#### Task requirements
Look through the listing below for the line containing "一踏入滨海湾花园,你的目光一". Copy it and each line after it up to and including the line containing "下来我就介绍一下我们灶上的票", exactly, leaving out pictures.

#### Data for processing
• • • • • • •

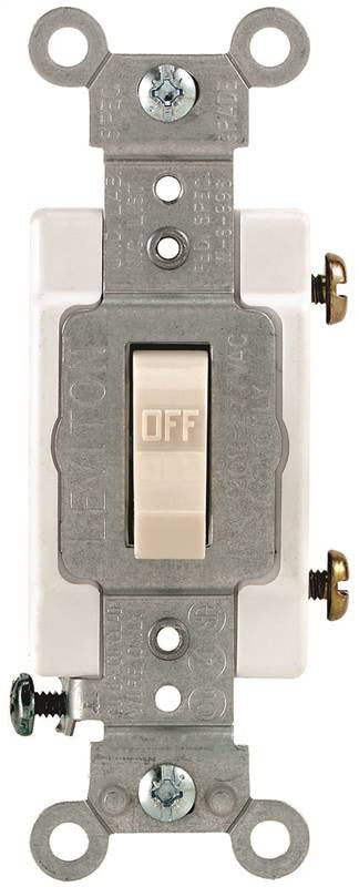 Commercial spec grade toggle switch, 15 amp, 120/277 volt, single-pole AC quiet switch, grounding, side wired. UL Listed, CSA Certified
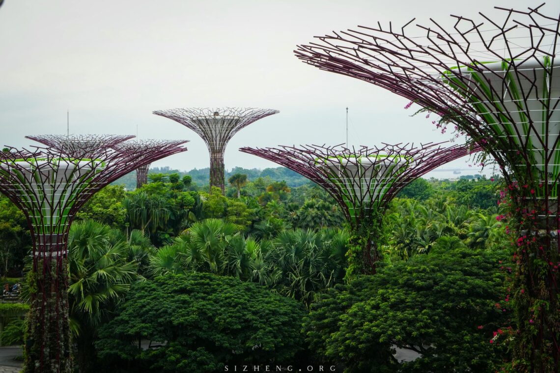 一踏入滨海湾花园,你的目光一定会被那些直插云霄的“巨型树木”擎天树(Supertree Grove)牢牢吸引。最高的擎天树竟然有16层楼那么高,站在下面仰望,那种震撼感简直无法用语言形容!
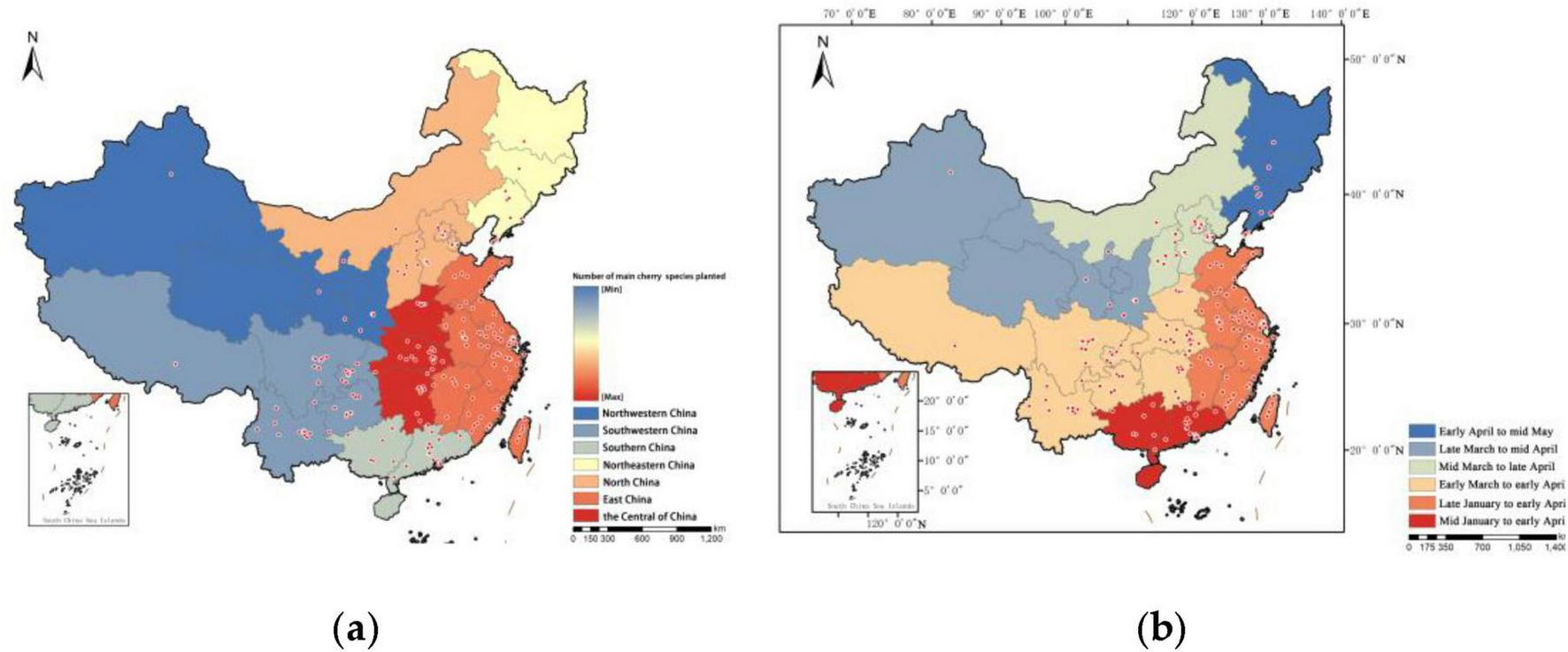 Spatial distribution characteristics of different cherry species resources. (a) Regional differences in cherry blossom species diversity. (b) Influence of latitude on cherry blossom flowering periods.
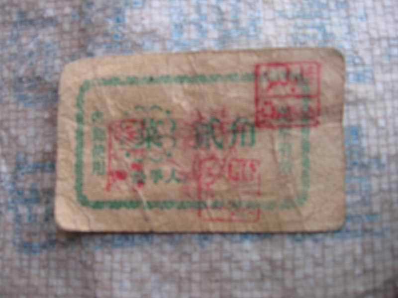 下来我就介绍一下我们灶上的票,它是用麻颜色的纸做的,常有5厘米,宽有4厘米,票的边是用花纹围起来的,里面写有"内部使用"的字样,由于老爷爷是从新疆迁下来的,所以老爷爷盖有新疆的章子。
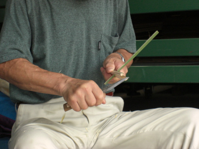 ということで今回のとんぼ、大人は伝統の切り出しナイフで削り出す竹とんぼ、竹串もつくります

• • • • • • •

#### Solved exercise
 一踏入滨海湾花园,你的目光一定会被那些直插云霄的“巨型树木”擎天树(Supertree Grove)牢牢吸引。最高的擎天树竟然有16层楼那么高,站在下面仰望,那种震撼感简直无法用语言形容!
 Spatial distribution characteristics of different cherry species resources. (a) Regional differences in cherry blossom species diversity. (b) Influence of latitude on cherry blossom flowering periods.
 下来我就介绍一下我们灶上的票,它是用麻颜色的纸做的,常有5厘米,宽有4厘米,票的边是用花纹围起来的,里面写有"内部使用"的字样,由于老爷爷是从新疆迁下来的,所以老爷爷盖有新疆的章子。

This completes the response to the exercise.